APA: A Pairwise Aligner

A pairwise sequence aligner using A*, extending the seed heuristic from AStarix.

Co-authored by @pesho-ivanov and @RagnarGrootKoerkamp.

Links

Twitter: @curious_coding, @peshotrie,
Blog: https://research.curiouscoding.nl

Citation

Ragnar Groot Koerkamp, Pesho Ivanov. “Exact pairwise alignment using A* with seed heuristic and match pruning”. bioRxiv (2022). DOI 2022.09.19.508631

Usage

cargo run --release -- -i <input>.{seq,txt,fasta} [-a csh] [-s]

Edit distance is shown in the ed column. The Cigar string is computed but not written to a file currently (#15).

Visualizations

Show a video of a small alignment:

cargo run --release --features sdl2 -- -i <input> -v [--style detailed]
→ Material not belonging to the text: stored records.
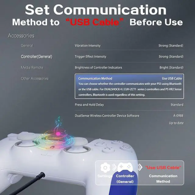 Setup Before Use - " ", otherwise the controller for PS-5 will not work. (Settings> Accessibility> Controller (General)> Communication Method> Select Use USB Cable)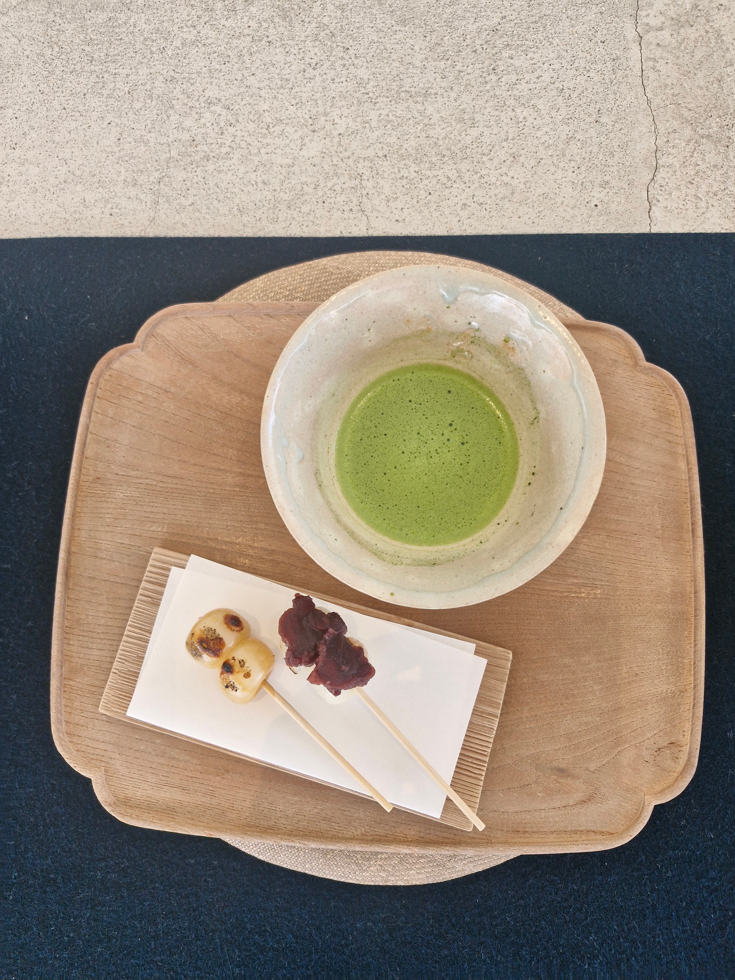 After a while we got back on our bikes and peddled to our last stop: the foyer of a museum where they had a lovely matcha cafe. We sat on bamboo mats surrounded by huge plate glass windows and our guide ordered another Japanese speciality for us: matcha green tea and mochi. We had already eaten a lot of matcha green tea soft serve ice cream in Kyoto but this was the first time we had actually had a matcha tea. Personally I found it a little bland only frothed with water but I suppose it was good to taste it pure. (I would add hot frothy milk and honey to it).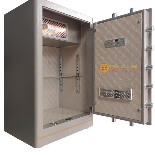 Không gian bên trong két sắt Bofa ZB-80DJ được chăm chút tỉ mỉ với lớp da cao cấp màu vàng ánh, bao phủ xung quanh và các vách ngăn. Thiết kế này vừa bảo vệ tài sản, trang sức khỏi trầy xước, vừa tạo nên vẻ đẹp đẳng cấp cho sản phẩm.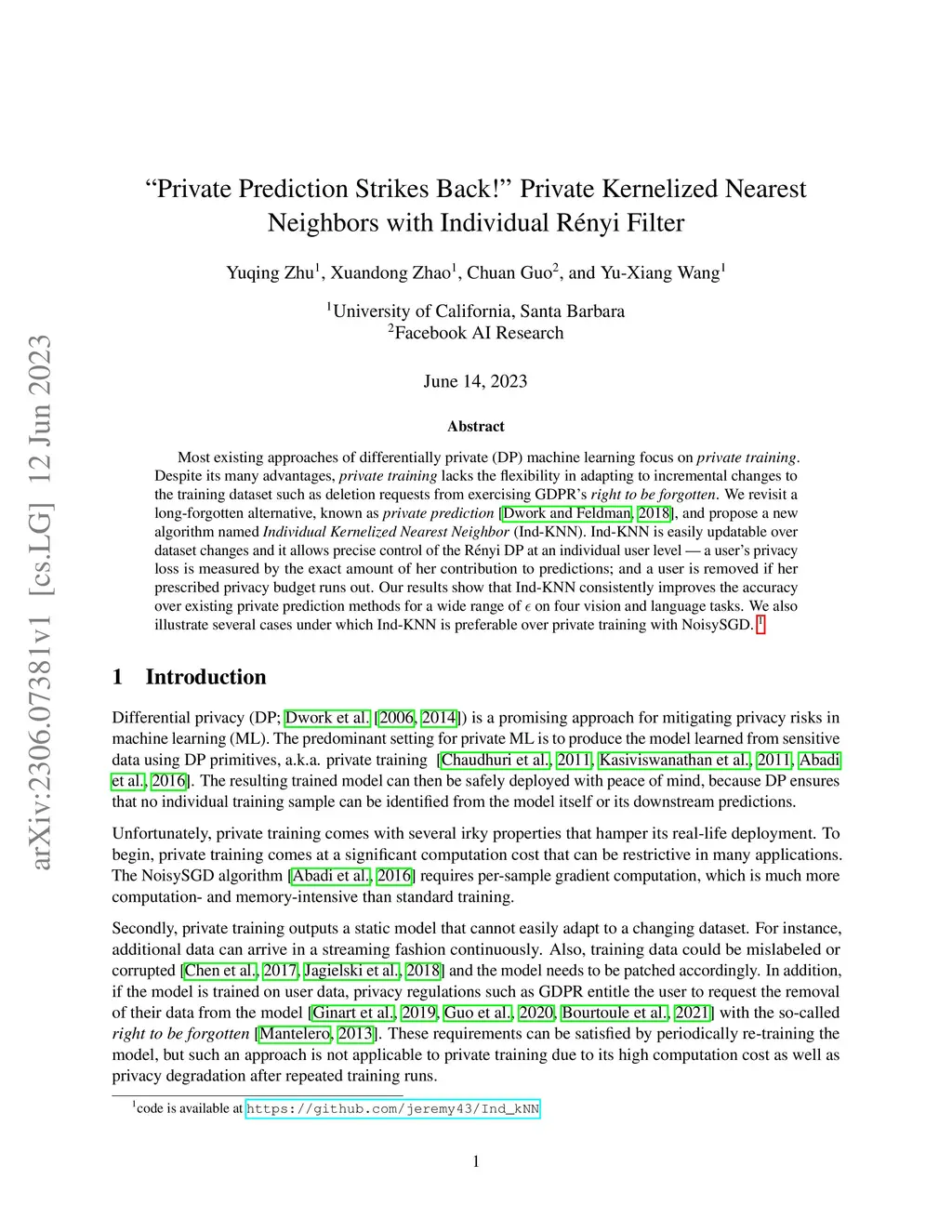 Most existing approaches of differentially private (DP) machine learning focus on private training. Despite its many advantages, private training lacks the flexibility in adapting to incremental changes to the training dataset such as deletion requests from exercising GDPR's right to be forgotten. We revisit a long-forgotten alternative, known as private prediction, and propose a new algorithm named Individual Kernelized Nearest Neighbor (Ind-KNN). Ind-KNN is easily updatable over dataset changes and it allows precise control of the R\'{e}nyi DP at an individual user level -- a user's privacy loss is measured by the exact amount of her contribution to predictions; and a user is removed if her prescribed privacy budget runs out. Our results show that Ind-KNN consistently improves the accuracy over existing private prediction methods for a wide range of on four vision and language tasks. We also illustrate several cases under which Ind-KNN is preferable over private training with NoisySGD.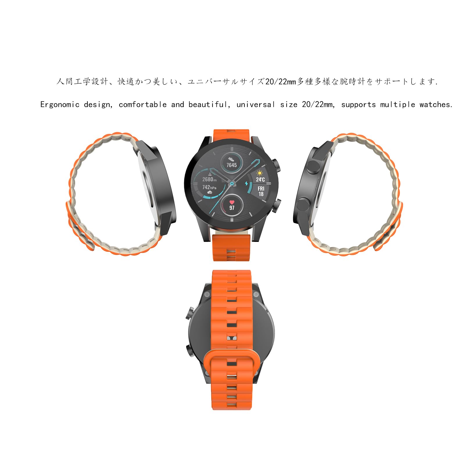 [YSuqiBB] 時計バンド20mm 22mm 上質二色シリコンマグネットベルト、無感装着、柔軟快適、防水通気、工具不要、ワンタッチ取付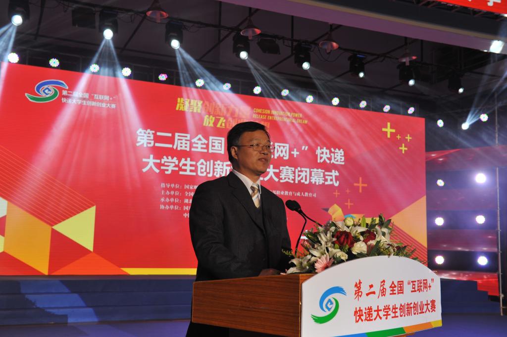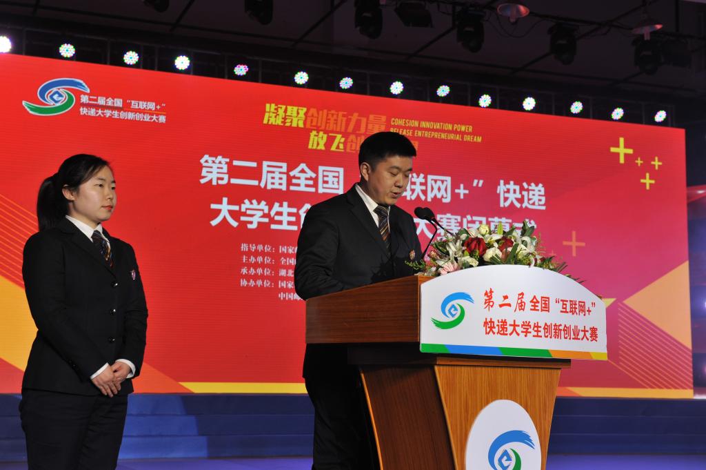 全国邮政职业教育教学指导委员会秘书长陈兴东代表主办单位方致辞。他指出本次大赛意义重大,希望通过大赛,进一步激发大学生创新创业热情,推动创新创业成果的转化,促进快递业转型升级和提质增效,进一步探索建立以创新创业为导向的人才培养机制,完善产学研用结合的协同育人模式,推动互联网+快递的融合发展,积极引导广大青年学生立足快递行业,面向基层一线,抓住发展机遇,自觉成为中国特色社会主义伟大事业和全面建成小康社会的积极实践者,为推动快递转型发展和实现伟大中国梦作出积极贡献。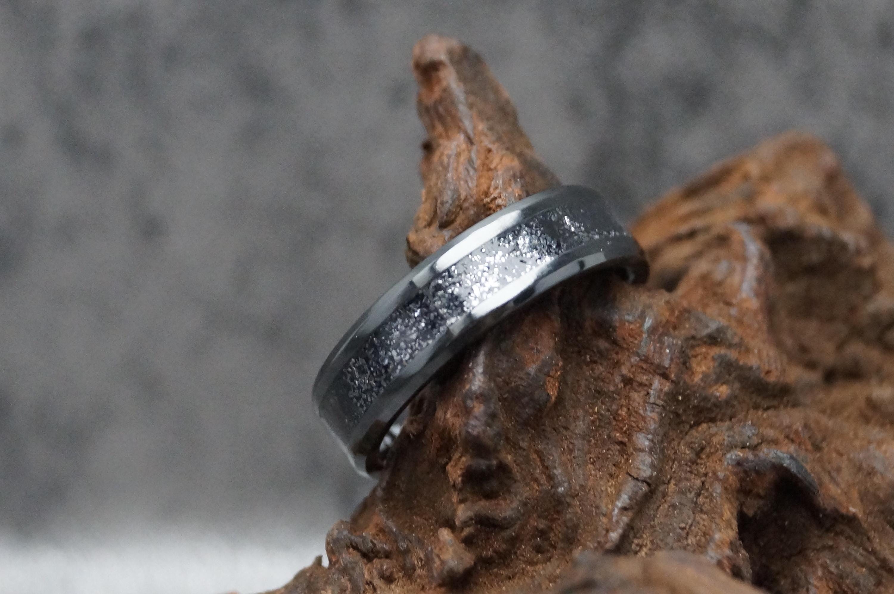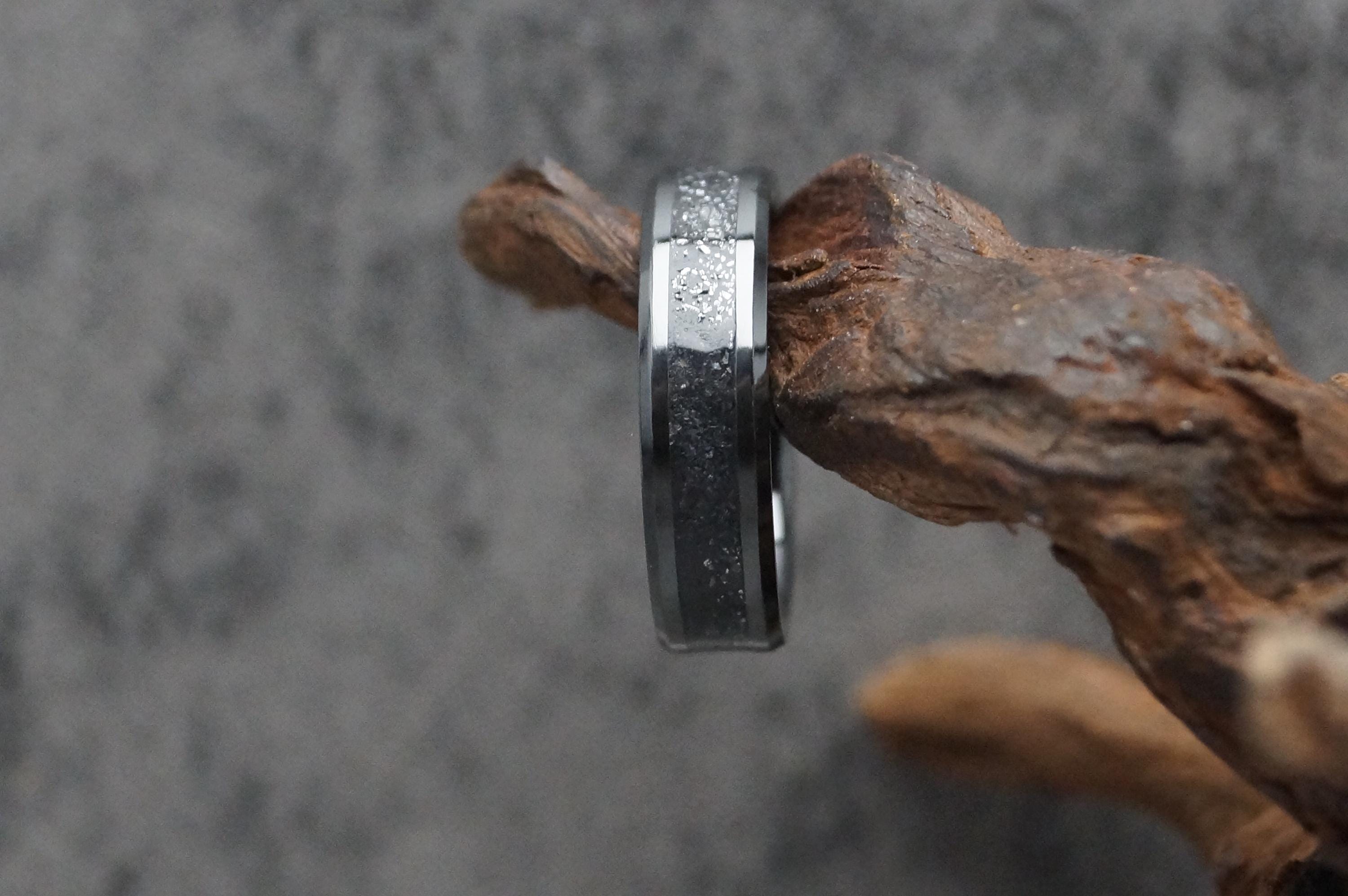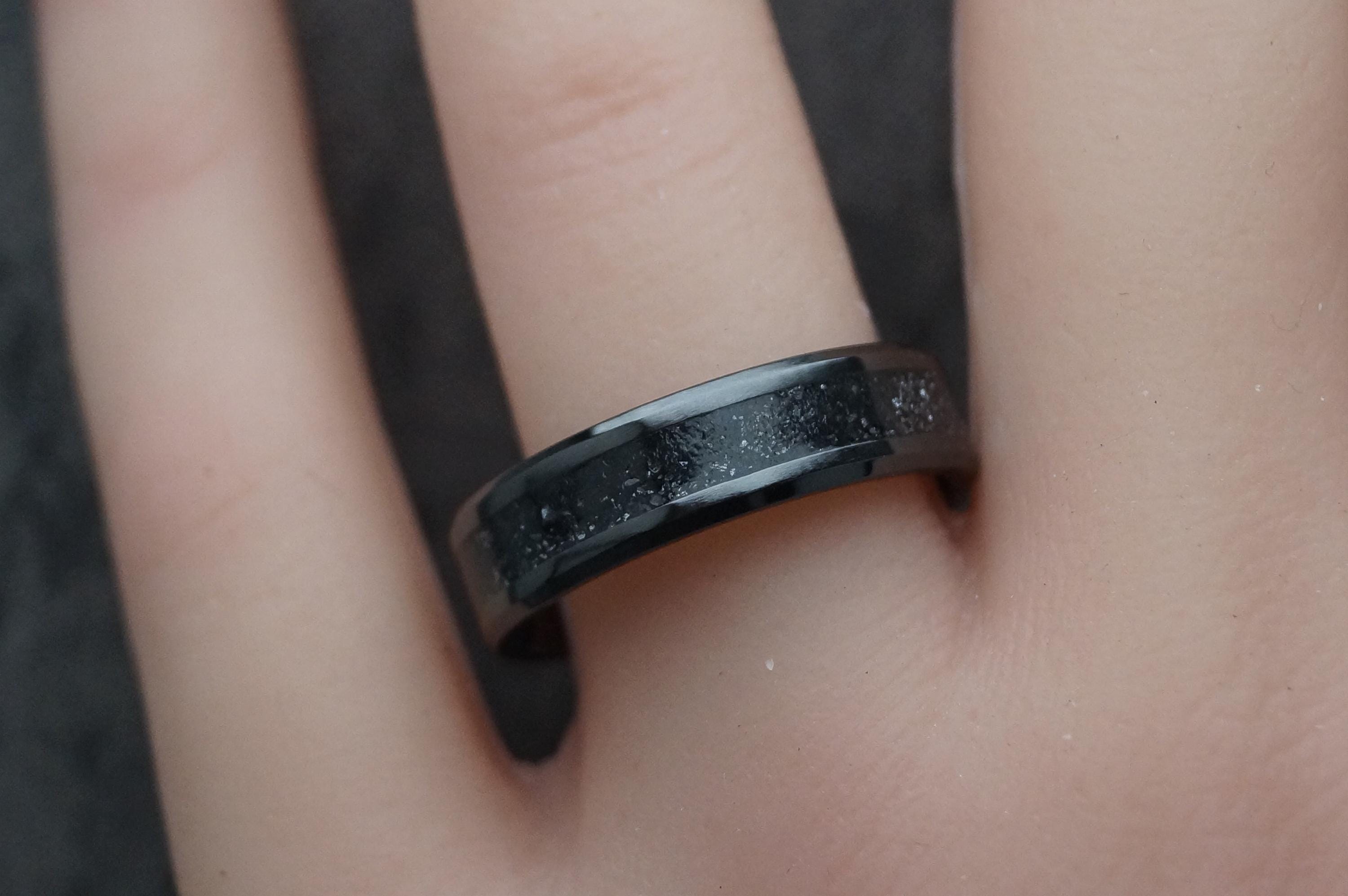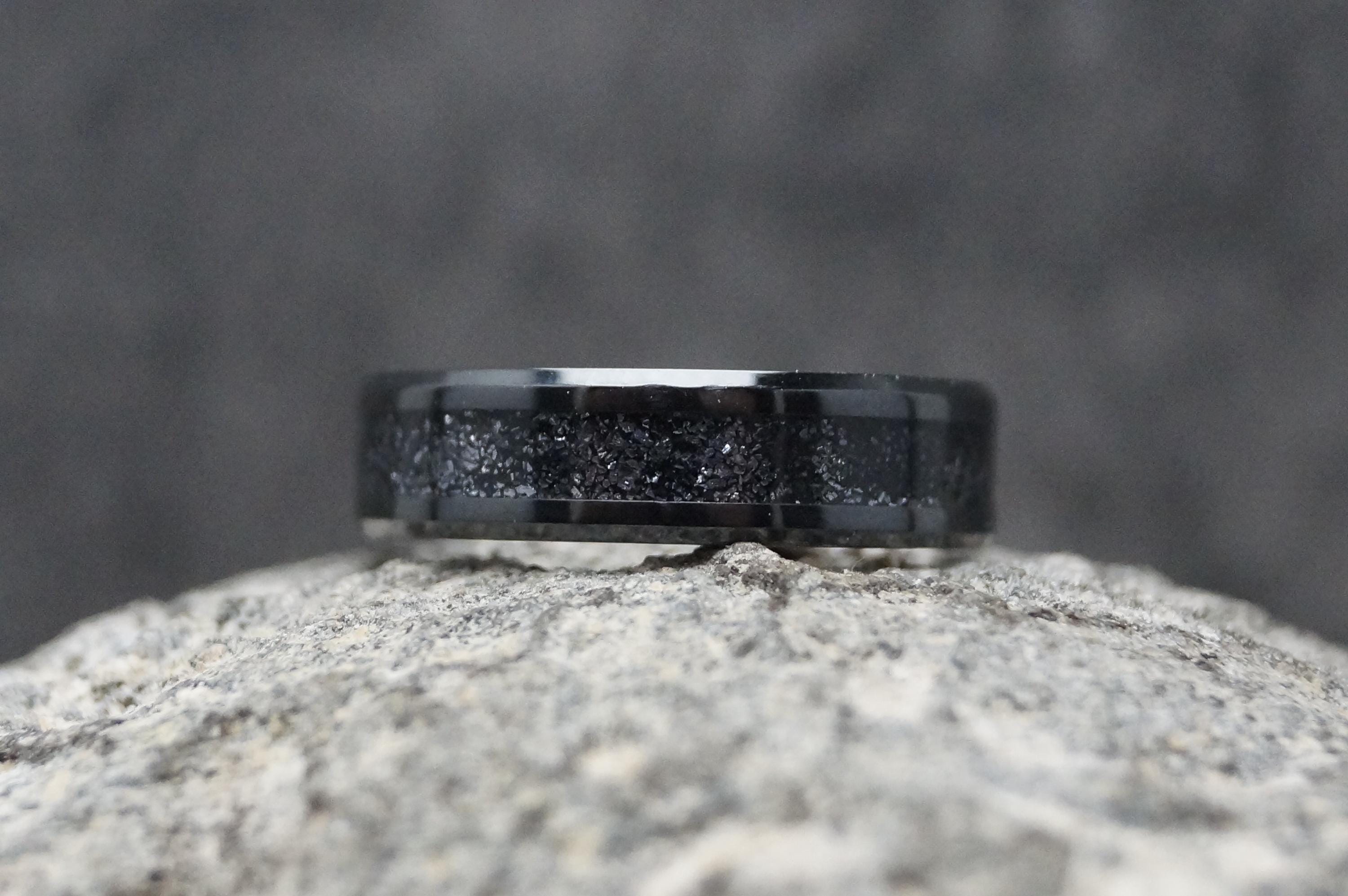 Galena Inlay Black Ceramic Wedding Band available 4 mm, 6 mm or 8 mm wide - Unique ring

Save a large alignment to disk:

cargo run --release --features sdl2 -- -i <input> --save --save-path <filename>.bmp --style large

Rust/C library usage

This is TODO (#14).

Feedback/Issues

Any kind of feedback and questions on the paper and code is welcome in the issues here. We’re happy to help out with any kind of problems you may run into.

Disclaimer

While our method works well on random sequences with random errors, it can be very slow on alignments containing long indels. Over $100×$ slower than WFA happens regularly. Use the unpublished --dt --gap-cost flags for possible speed improvements in this case. If A*PA is still slow, feel free to make an issue containing a .seq file and visualization. (It won’t speed up existing code, but may inspire new ideas.)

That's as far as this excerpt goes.